Coroot addresses the fundamental friction in Kubernetes observability: the requirement to instrument every application with tracing libraries, metrics exporters, and logging frameworks before getting any visibility. By leveraging eBPF to capture network traffic, system calls, and application behavior at the kernel level, Coroot provides comprehensive observability from the moment it is deployed without touching a single line of application code.
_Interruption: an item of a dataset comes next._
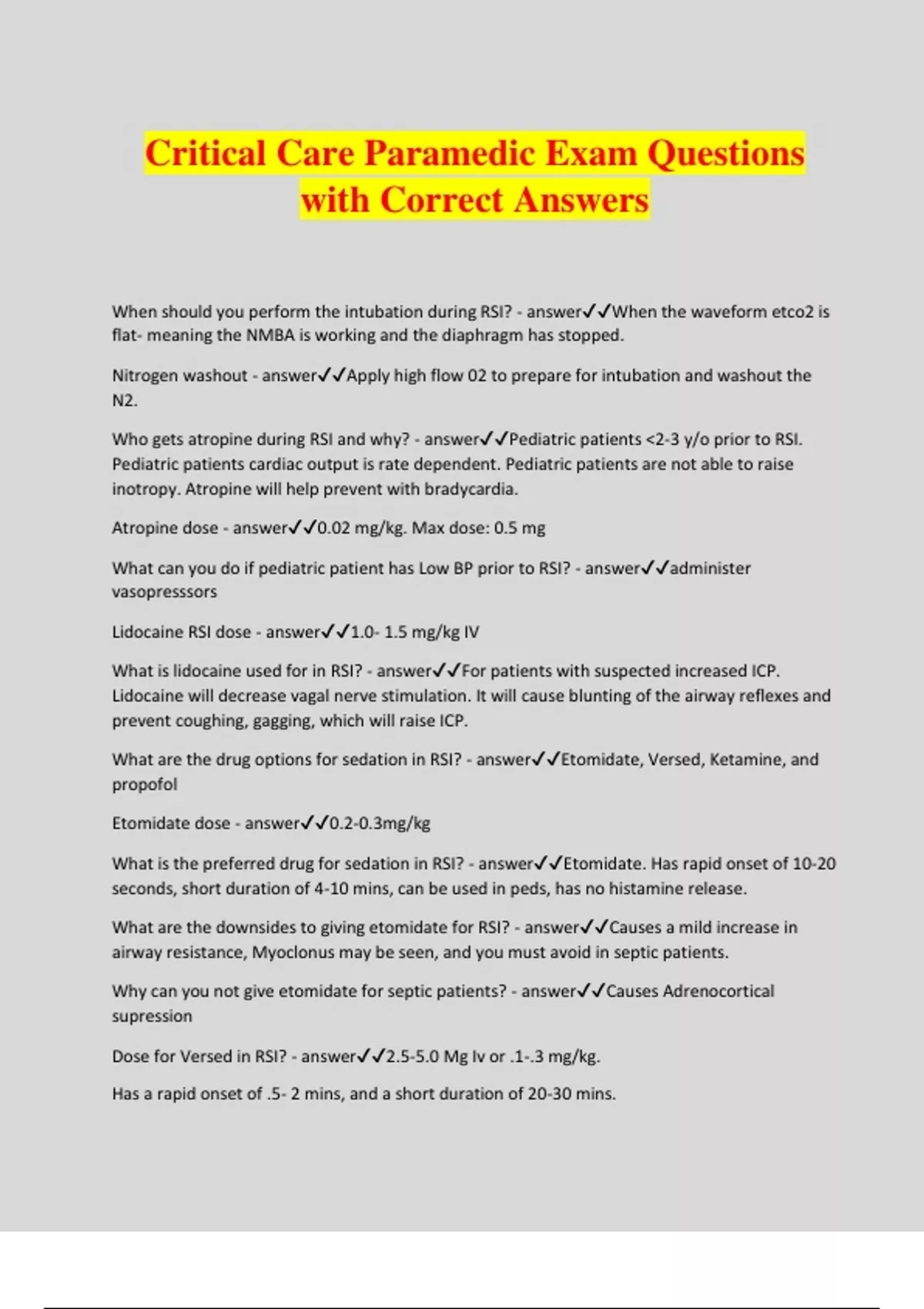 Critical Care Paramedic Exam Questions with Correct Answers When should you perform the intubation during RSI? - answerWhen the waveform etco2 is flat- meaning the NMBA is working and the diaphragm has stopped. Nitrogen washout - answerApply high flow 02 to prepare for intubation and washout the N2. Who gets atropine during RSI and why? - answerPediatric patients <2-3 y/o prior to RSI. Pediatric patients cardiac output is rate dependent. Pediatric patients are not able to raise inotropy. Atropine will help prevent with bradycardia. Atropine dose - answer0.02 mg/kg. Max dose: 0.5 mg What can you do if pediatric patient has Low BP prior to RSI? - answeradminister vasopresssors Lidocaine RSI dose - answer1.0- 1.5 mg/kg IV What is lidocaine used for in RSI? - answerFor patients with suspected increased ICP. Lidocaine will decrease vagal nerve stimulation. It will cause blunting of the airway reflexes and prevent coughing, gagging, which will raise ICP. What are the drug options for sedation in RSI? - answerEtomidate, Versed, Ketamine, and propofol Etomidate dose - answer0.2-0.3mg/kg What is the preferred drug for sedation in RSI? - answerEtomidate. Has rapid onset of 10-20 seconds, short duration of 4-10 mins, can be used in peds, has no histamine release. What are the downsides to giving etomidate for RSI? - answerCauses a mild increase in airway resistance, Myoclonus may be seen, and you must avoid in septic patients. Why can you not give etomidate for septic patients? - answerCauses Adrenocortical supression Dose for Versed in RSI? - answer2.5-5.0 Mg Iv or .1-.3 mg/kg. Has a rapid onset of .5- 2 mins, and a short duration of 20-30 mins.

The platform automatically generates application topology maps showing service dependencies and communication patterns, provides request-level latency analysis with breakdown by service and endpoint, correlates distributed traces with relevant log entries, and offers continuous CPU and memory profiling to identify performance bottlenecks. Anomaly detection algorithms establish baselines for normal behavior and alert when metrics deviate significantly, reducing alert fatigue through intelligent thresholding.
Coroot integrates with existing observability stacks by supporting OpenTelemetry for data export, Prometheus for metrics storage, and ClickHouse for high-performance log and trace analysis. The deployment model is Kubernetes-native with Helm chart installation that deploys eBPF agents as a DaemonSet across cluster nodes. With over 5,000 GitHub stars, Coroot competes with commercial observability platforms like Datadog by offering comparable functionality at a fraction of the cost through self-hosted deployment.